Comparison of different technologies for the decipherment of the whole genome sequence of Campylobacter jejuni BfR-CA-14430

Lennard Epping; Julia C Golz; Marie-Theres Knüver; Charlotte Huber; Andrea Thürmer; Lothar H Wieler; Kerstin Stingl; Torsten Semmler

doi:10.1186/s13099-019-0340-7

Comparison of different technologies for the decipherment of the whole genome sequence of Campylobacter jejuni BfR-CA-14430

Gut Pathog. 2019 Dec 16:11:59. doi: 10.1186/s13099-019-0340-7. eCollection 2019.

Authors

Lennard Epping¹, Julia C Golz², Marie-Theres Knüver², Charlotte Huber³, Andrea Thürmer⁴, Lothar H Wieler⁴, Kerstin Stingl², Torsten Semmler¹

Affiliations

¹ 1NG1-Microbial Genomics, Robert Koch Institute, Nordufer 20, 13353 Berlin, Germany.
² 2National Reference Laboratory for Campylobacter, Department of Biological Safety, Federal Institute for Risk Assessment, Berlin, Germany.
³ 3Advanced Light and Electron Microscopy, Robert Koch Institute, Berlin, Germany.
⁴ 4Methodology and Research Infrastructure, Robert Koch Institute, Berlin, Germany.

Abstract

Background: Campylobacter jejuni is a zoonotic pathogen that infects the human gut through the food chain mainly by consumption of undercooked chicken meat, raw chicken cross-contaminated ready-to-eat food or by raw milk.
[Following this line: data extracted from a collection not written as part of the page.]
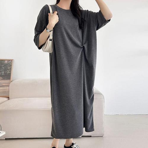 |KSO5978|여성용 봄여름 홈웨어 트위스트 반팔 빅사이즈 스판 롱드레스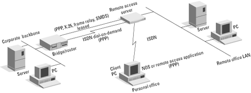 With ISDN, smaller regional and international sites can connect to enterprise networks and to one another much more cost-effectively than with dedicated leased lines. Dial-up ISDN links can replace leased-line connections altogether or be used as supplemental bandwidth for overflow and redundancy. Remote sites and individual remote users can dial in to central networks worldwide and enjoy reliable, high-speed digital connectivity to critical resources, or access and download the ever-increasing wealth of multimedia information on the Internet.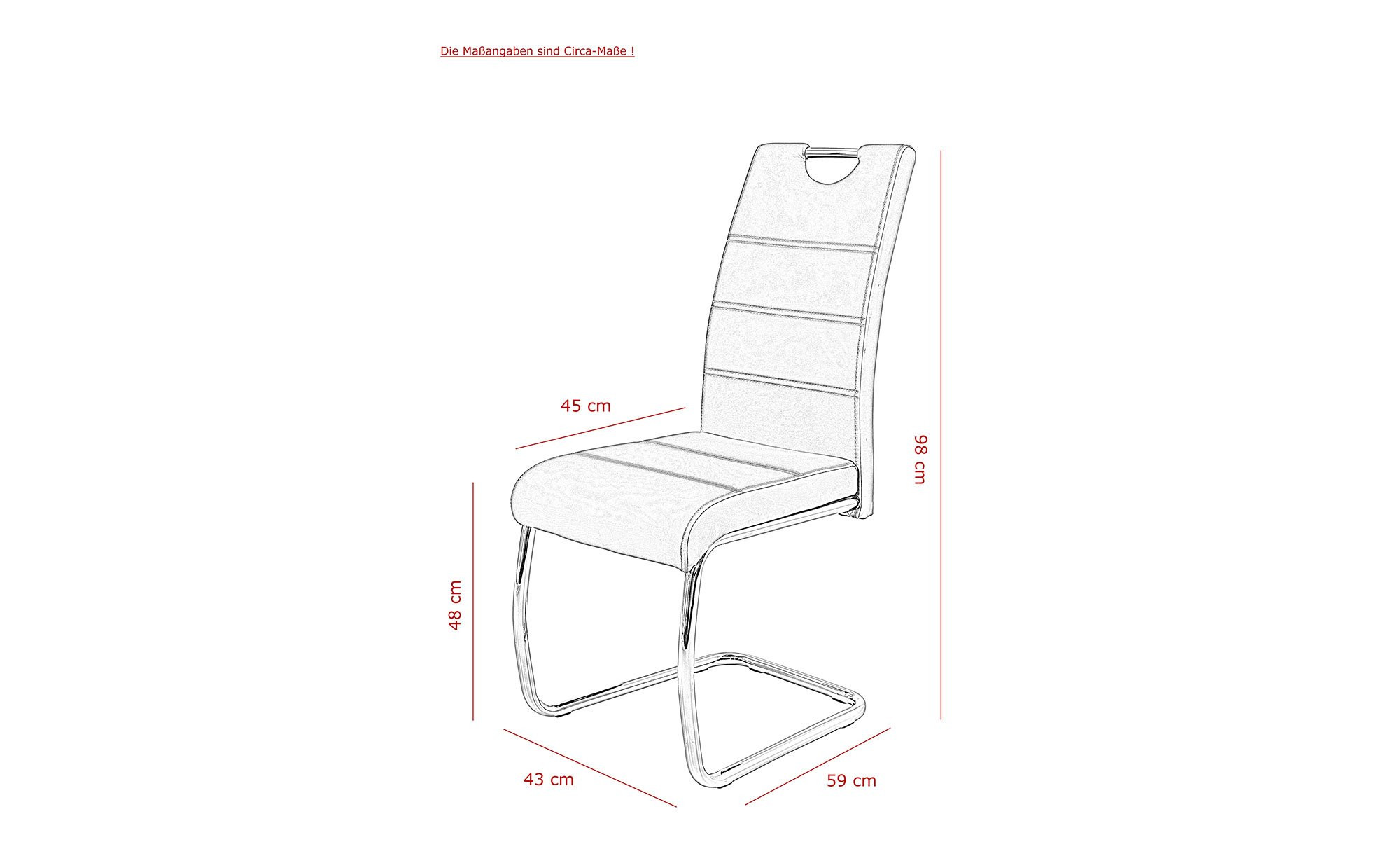 Sie können den ca. 43 x 98 x 59 cm großen Stuhl mit max. 120 kg belasten.

In the last decades, C. jejuni has increasingly become the most common bacterial cause for food-born infections in high income countries, costing public health systems billions of euros each year. Currently, different whole genome sequencing techniques such as short-read bridge amplification and long-read single molecule real-time sequencing techniques are applied for in-depth analysis of bacterial species, in particular, Illumina MiSeq, PacBio and MinION.
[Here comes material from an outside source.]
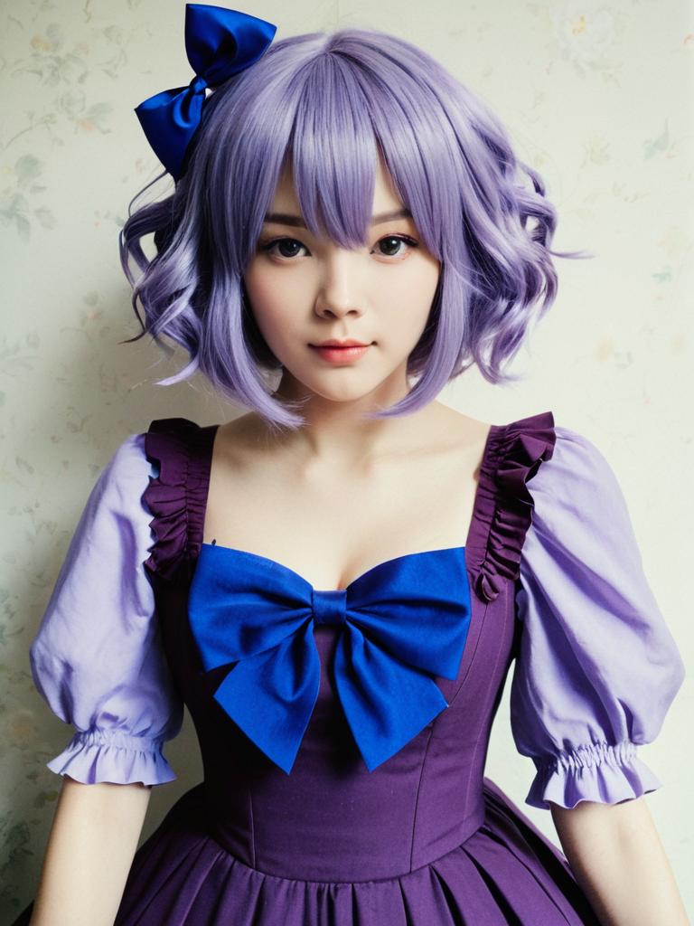 Violet Evergarden Wig, image of a woman in a purple dress and a blue bow

Results: In this study, we analyzed a recently isolated C. jejuni strain from chicken meat by short- and long-read data from Illumina, PacBio and MinION sequencing technologies. For comparability, this strain is used in the German PAC-CAMPY research consortium in several studies, including phenotypic analysis of biofilm formation, natural transformation and in vivo colonization models. The complete assembled genome sequence most likely consists of a chromosome of 1,645,980 bp covering 1665 coding sequences as well as a plasmid sequence with 41,772 bp that encodes for 46 genes. Multilocus sequence typing revealed that the strain belongs to the clonal complex CC-21 (ST-44) which is known to be involved in C. jejuni human infections, including outbreaks. Furthermore, we discovered resistance determinants and a point mutation in the DNA gyrase (gyrA) that render the bacterium resistant against ampicillin, tetracycline and (fluoro-)quinolones.
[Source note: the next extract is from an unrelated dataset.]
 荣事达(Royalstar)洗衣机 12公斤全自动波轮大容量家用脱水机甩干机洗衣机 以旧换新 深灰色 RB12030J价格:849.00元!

Conclusion: The comparison of Illumina MiSeq, PacBio and MinION sequencing and analyses with different assembly tools enabled us to reconstruct a complete chromosome as well as a circular plasmid sequence of the C. jejuni strain BfR-CA-14430. Illumina short-read sequencing in combination with either PacBio or MinION can substantially improve the quality of the complete chromosome and epichromosomal elements on the level of mismatches and insertions/deletions, depending on the assembly program used.

Keywords: Antibiotic resistance; Assembler comparison; Campylobacter jejuni; Hybrid assemblies; Long read sequencing.